Statitistics question?
Martha is a flight attendant stationed in Denver. Her assignments are rotated randomly between flights to Portland, Boise, and Las Vegas. For this problem, consider a success being a trip to Las Vegas in the next five assignments. What is the probability that Martha will fly to Las Vegas not at all? P=
Mathematics - 2 Answers
Random Answers, Critics, Comments, Opinions :
1 :
She has a 2/3 chance of not flying to Las Vegas at all. To not fly there in the next 5 trials here chance would be (2/3)^5 = 32/243. That's the simplified way to do it (it's a simple all or nothing problem). But the technical way to do it is [5!/ [(5-0)!*0!]] * (2/3)^5 * (1/3)^0 {5nCr0 and (1/3)^0 reduces to 1}.
2 :
There's 3^5 possibilities if choosing randomly.

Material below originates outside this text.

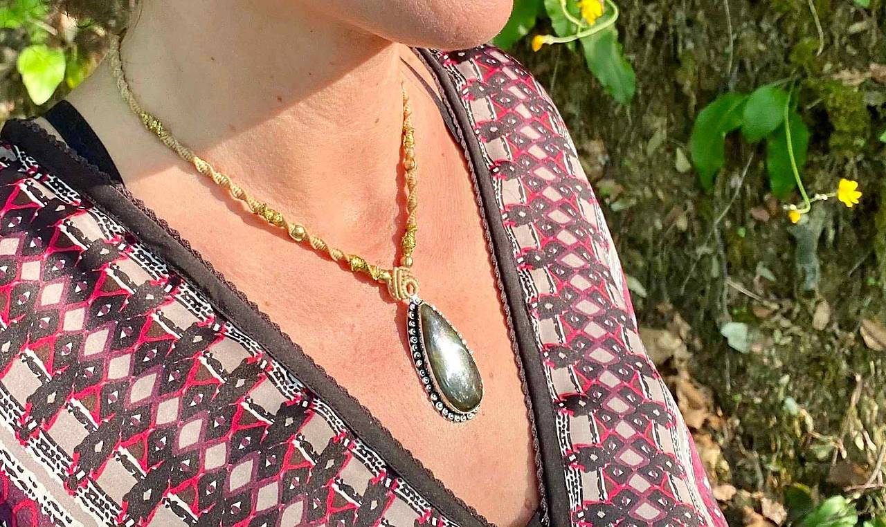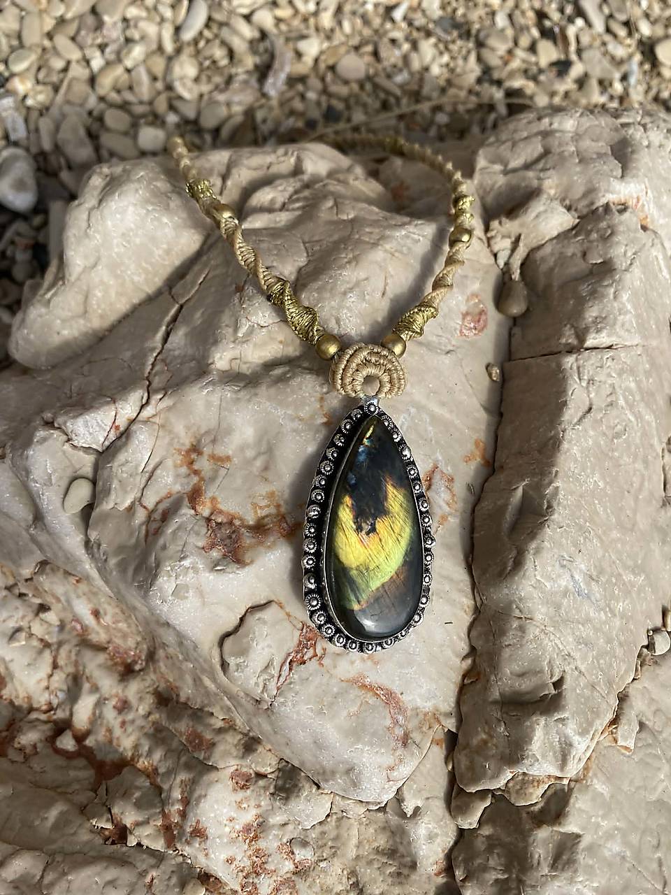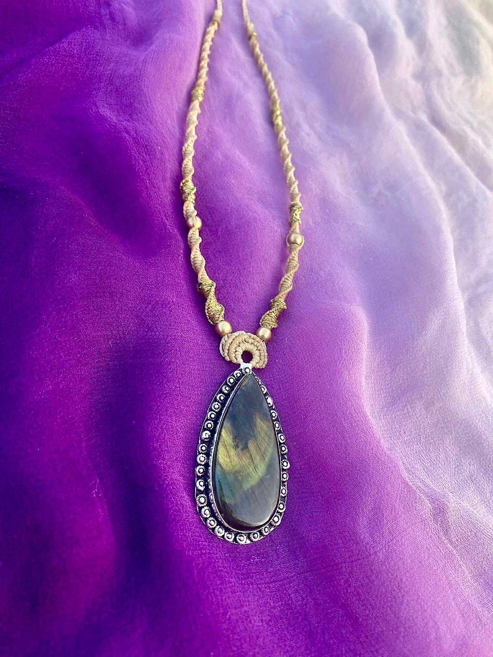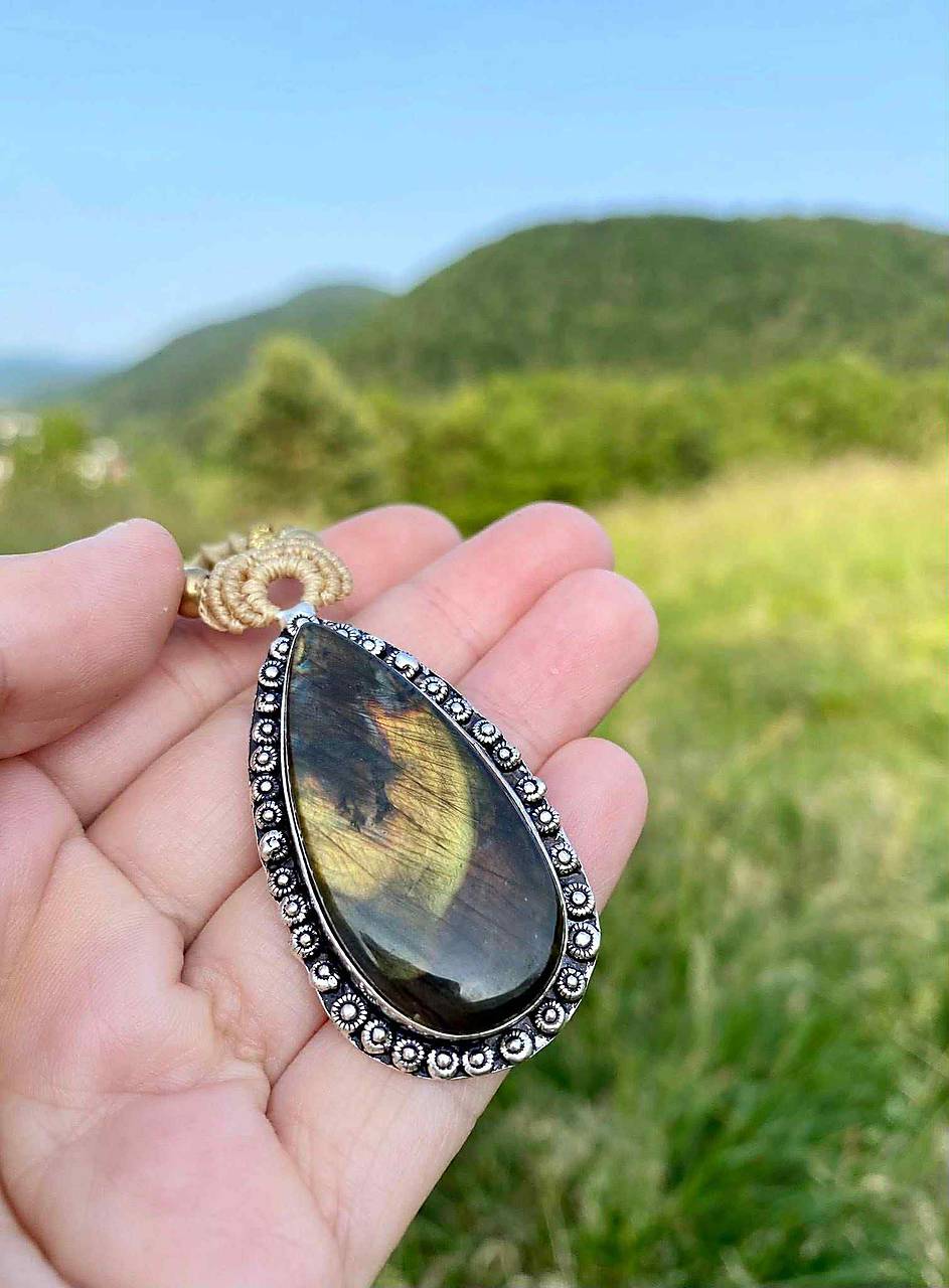 pomáha nám otvoriť sa a vnímať vnútornú krásu ľudí a vecí, vrátane seba samých. Má schopnosť ochraňovať našu auru pred nežiadúcimi energiami a udržiavať ju čistú. Môže byť nápomocný pri depresii ,znižovaní stresu a obáv, posilňovaní imunitného systému, pri stuhnutej šiji, pri bolestiach a napätí chrbtice... Náhrdelník uzlíkovaný technikou makramé s Labradoritom v striebre

Lets mark: Portland = P, Boise =B and Las Vegas = L. P on the first assignment, and 2^4 for other four times (without L) P on the second place and 2^4 . . . and three times more. . . So we have 5 * 2^4 = 80 different possibilities with one L. With 2 L we have 10 * 2^3 = 80 poss. {|L,L, , , |-|L, ,L, , ,|-...-| ,L,L, , |-| ,L, ,L, |-| ,L, , ,L| = 4 + 3 + 2 + 1 =10} (10 = binom{5}{2} = 5!/(2*(5-2)!) With 3 L we have 10 * 2^2 = 40 poss. (10 = binom {5}{3}) With 4 L there's 5 * 2 = 10 poss. { ,L,L,L,L|--|L, ,L,L,L|---|....} And finally with 5L is one possibility. So with L on any place we have 80 + 80 + 40 + 10 + 1 = 211 different possibilities. Probability for never L is (3^5 -211)/3^5 = =(243 -211) /243 = = 32 /243 = 13.168%